Written By: Jeff Winkle Creator of The Clean Mission initiative
The city of Chicago was my only real exposure to urban landscapes growing up. Between April and October, my family would make the 30 mile drive into the city when we could because, during that time of year, the Windy City is a beautiful city. It may be an amazing place during the other months of the year as well, but nobody will ever know because they are inside by the fireplace with a cup of hot chocolate.
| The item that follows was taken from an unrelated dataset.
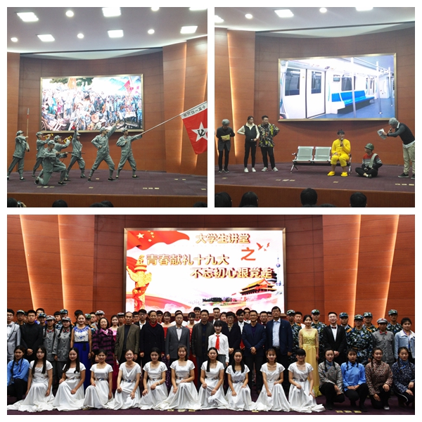 “没有共产党,就没有新中国”,大学生讲堂系列活动在激昂的旋律中拉开了帷幕。单人演讲《不忘初心、砥砺前行的中国共产党》,带领大家回顾了中国共产党成立96年来团结带领中国人民所走过的波澜壮阔的历史进程和作出的伟大历史贡献;随后,心声组合为同学们带来了乐器合奏《映山红》,悠扬的旋律直达同学们的内心,赢得了阵阵掌声;年代音乐剧《不朽的军旗》完美诠释了革命军队与百姓之间的深厚感情;中场环节,进行了十九大相关知识问答,在场同学积极发言,活跃了全场气氛;小品《地铁故事2》以幽默诙谐的方式演绎出令人深思的社会现实问题,传递了正能量,弘扬了社会主义核心价值观;集体朗诵《让我们放歌十九大》抒发了当代青年的爱国热情,令在场师生为之动容;最后,晚会在激昂的大合唱《国家》中落下帷幕。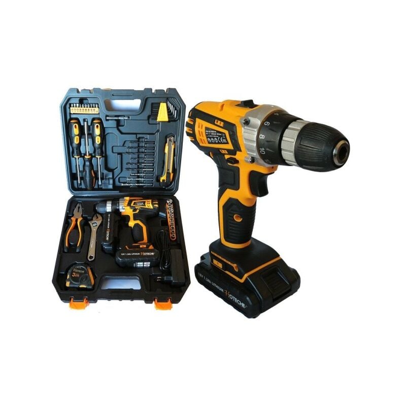 Set 47pz Trapano Avvitatore Autoserrante 10mm 18v 1.3a Accessori Doppia Batteriasiete Alla Ricerca Di Un Prodotto Utile E Soddisfacente Sotto Tutti I Punti Di Vista? In Questa Inserzione Vi Proponiamo Una Pratica Valigetta Contenente Al Suo Interno Ben 47 Pz Tra Cui Un Trapano Avvitatore A Batteria Con Doppia Batteriia E Caricatore. L'avvitatore è Un Modello A 18+1 Velocità Con Mandrino Autoserrante Da 10mm Con Possibilità Di Avvitare E Svitare E Con Rop Che Vanno Da 0-350/0-1350min-1 E Una Potenza Massima Di 22nm Din Utilizzo. Le Due Batterie Sono Da 18v 1.3ah A Litio. Oltre A Questo Utensile E I Suoi Accessori Fondamentali Troverete Nella Valigetta Anche Un Utile Kit Di Accessori Pronti All'uso In Caso Di Riparazioni, Come Cacciaiti, Puntali, Punte Trapano, Bits, Chiave Inglese, Un Metro Da 3mt. E Una Pinza Con Taglierino Per Un Totale Di Ben 47 Pz.caratteristiche: Trapano Avvitatore Mandrino 10mm Potenze E Velocità 18+1 Potenza Di Impatto In Uso 22nm Rpm 0-350/0-1350 Doppia

I never realized how relatively clean Chicago is until I started to travel to New York City and live in the Bay Area. I recently moved to the city of San Francisco and was struck almost immediately by the amount of garbage I saw on the streets. It made no sense to me. San Francisco is supposed to be one of the most environmentally-forward cities on earth and yet there are beer cans rolling around the sidewalks in most neighborhoods?! In my opinion, it is one of the most beautiful cities in the world—as long as you keep your eyes looking forward and up. You can find an incredibly diverse mix of cultures, amazing food, and gorgeous views yet you will likely be stepping over trash at times to fully experience SF.
But why? What is causing the immense amount of litter in tourist areas like Pier 39 as well as neighborhoods like SoMa or the Mission District? I started researching the biggest factors contributing to the state of cleanliness in San Francisco. What I found were unsurprising answers: very high population density, public policies enacted in the past that had unintended consequences, and garbage collection systems that incentive dumping garbage in public places. Maybe some citizens want to save the $100 they have to pay to Recology to collect their garbage every week. Maybe the money the homeless receive from trading in bottles encourages them to sort through trash cans, leaving a trail of litter in their wake.
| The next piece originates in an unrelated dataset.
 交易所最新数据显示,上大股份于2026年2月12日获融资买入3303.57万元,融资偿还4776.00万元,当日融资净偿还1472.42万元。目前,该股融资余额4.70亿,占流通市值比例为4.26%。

None of these factors surprise me at all. So, maybe the question should be, “What is a city like Chicago with a similar population density doing right to prevent/fix the issues that are making the streets dirtier?” I have not found a straightforward answer to that question. In fact, there are a lot more questions that arise when searching for answers which have made me even more confused.
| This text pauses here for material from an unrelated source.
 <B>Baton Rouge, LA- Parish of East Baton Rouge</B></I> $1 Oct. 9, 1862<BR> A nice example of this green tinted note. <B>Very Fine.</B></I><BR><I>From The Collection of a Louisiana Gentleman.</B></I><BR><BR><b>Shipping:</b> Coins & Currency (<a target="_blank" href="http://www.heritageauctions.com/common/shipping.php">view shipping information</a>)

I reached a point where my conclusion was that I can either accept I won’t find answers to my questions and keep living my life, or just forget about what may be causing the problem and try to do something fix it.
The wheels of The Clean Mission were soon set into motion and the initial excitement and support I received from the community was overwhelming. Tons of amazing people reached out to offer help in any way they could. “Are you artsy? I can help with designing a logo”, “I am your typical SF techie—let me help with the website”, “Please let me know when there is a cleanup event—I have been wanting to do something like this!”
The truth is, I think The Clean Mission tapped into a feeling inside of many citizens who feel like they want to do something to affect positive change in the world, but don’t know what they can do. This initiative offers a way for people of any age to take a little bit of spare time and turn it into an immediate, noticeable impact on the community around them. I will be working hard to allow The Clean Mission to continue to grow, but I know that it will only be because of people like you that long-term impact will be achieved.